PROBLEM: As the answer, give exactly the lines of the records below from the one with "you’re reading this" through the one with "Figure 1. The", ends included and pictures left out.
-- TASK MATERIAL follows --
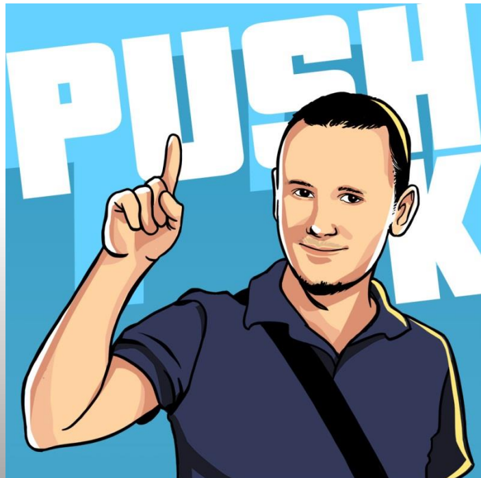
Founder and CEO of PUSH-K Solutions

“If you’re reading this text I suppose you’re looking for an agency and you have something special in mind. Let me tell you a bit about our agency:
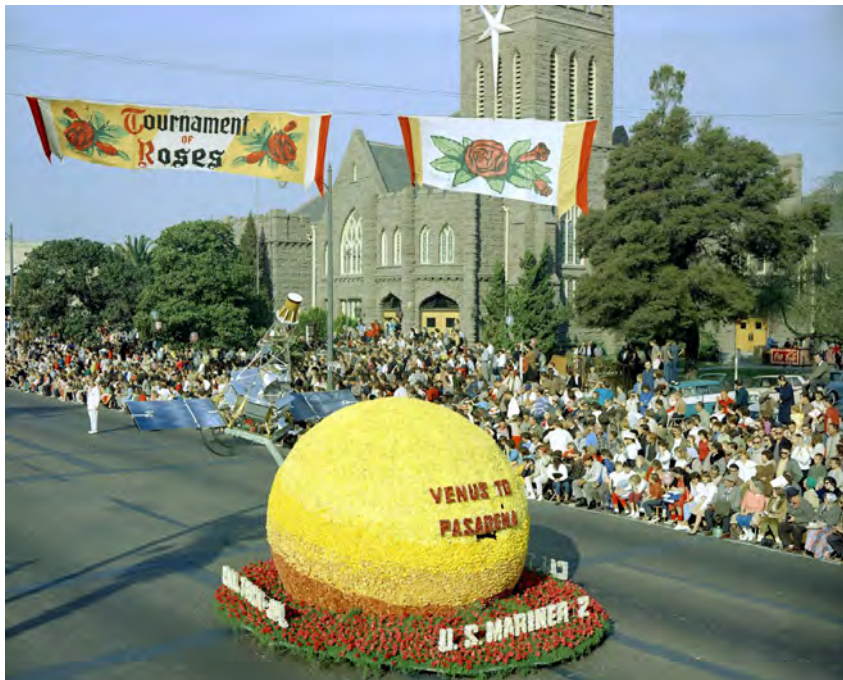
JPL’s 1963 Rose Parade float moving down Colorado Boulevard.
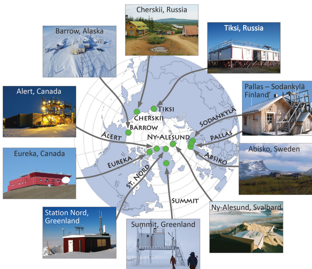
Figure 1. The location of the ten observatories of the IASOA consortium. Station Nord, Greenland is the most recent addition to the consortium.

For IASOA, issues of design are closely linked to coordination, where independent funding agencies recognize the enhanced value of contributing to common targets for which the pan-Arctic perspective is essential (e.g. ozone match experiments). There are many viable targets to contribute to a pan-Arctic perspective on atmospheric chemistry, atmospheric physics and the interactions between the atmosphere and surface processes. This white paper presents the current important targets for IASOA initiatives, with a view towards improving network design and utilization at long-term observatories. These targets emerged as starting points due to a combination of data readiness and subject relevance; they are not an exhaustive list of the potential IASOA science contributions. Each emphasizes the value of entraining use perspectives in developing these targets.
-- TASK MATERIAL concluded --
-- TASK MATERIAL follows --
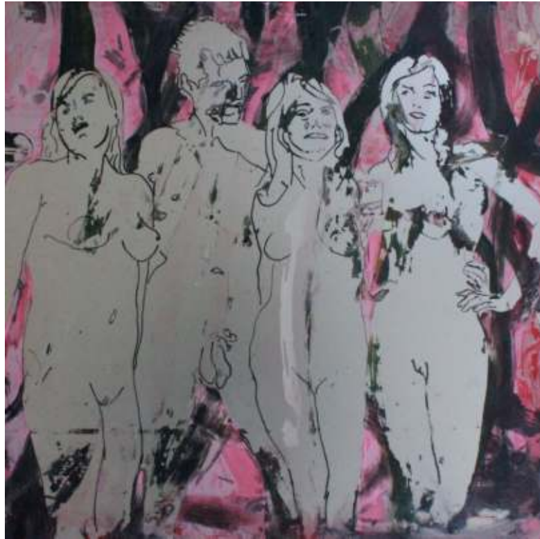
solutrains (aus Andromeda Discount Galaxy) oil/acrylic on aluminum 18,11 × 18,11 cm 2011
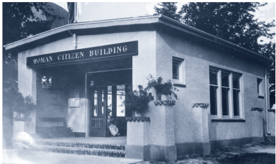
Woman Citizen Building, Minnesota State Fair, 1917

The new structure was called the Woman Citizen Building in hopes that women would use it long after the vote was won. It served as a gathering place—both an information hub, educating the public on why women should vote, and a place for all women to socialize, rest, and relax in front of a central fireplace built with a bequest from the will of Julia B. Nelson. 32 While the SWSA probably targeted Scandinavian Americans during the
-- TASK MATERIAL concluded --
-- TASK MATERIAL follows --
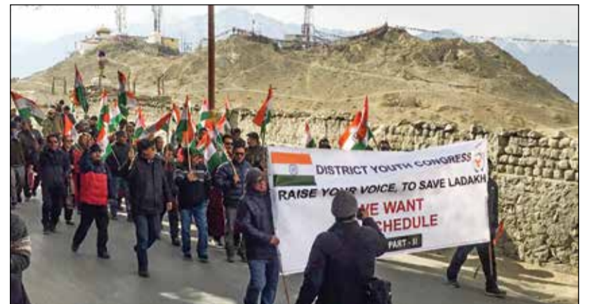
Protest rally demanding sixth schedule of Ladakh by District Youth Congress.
-- TASK MATERIAL concluded --
ANSWER:
“If you’re reading this text I suppose you’re looking for an agency and you have something special in mind. Let me tell you a bit about our agency:
JPL’s 1963 Rose Parade float moving down Colorado Boulevard.
Figure 1. The location of the ten observatories of the IASOA consortium. Station Nord, Greenland is the most recent addition to the consortium.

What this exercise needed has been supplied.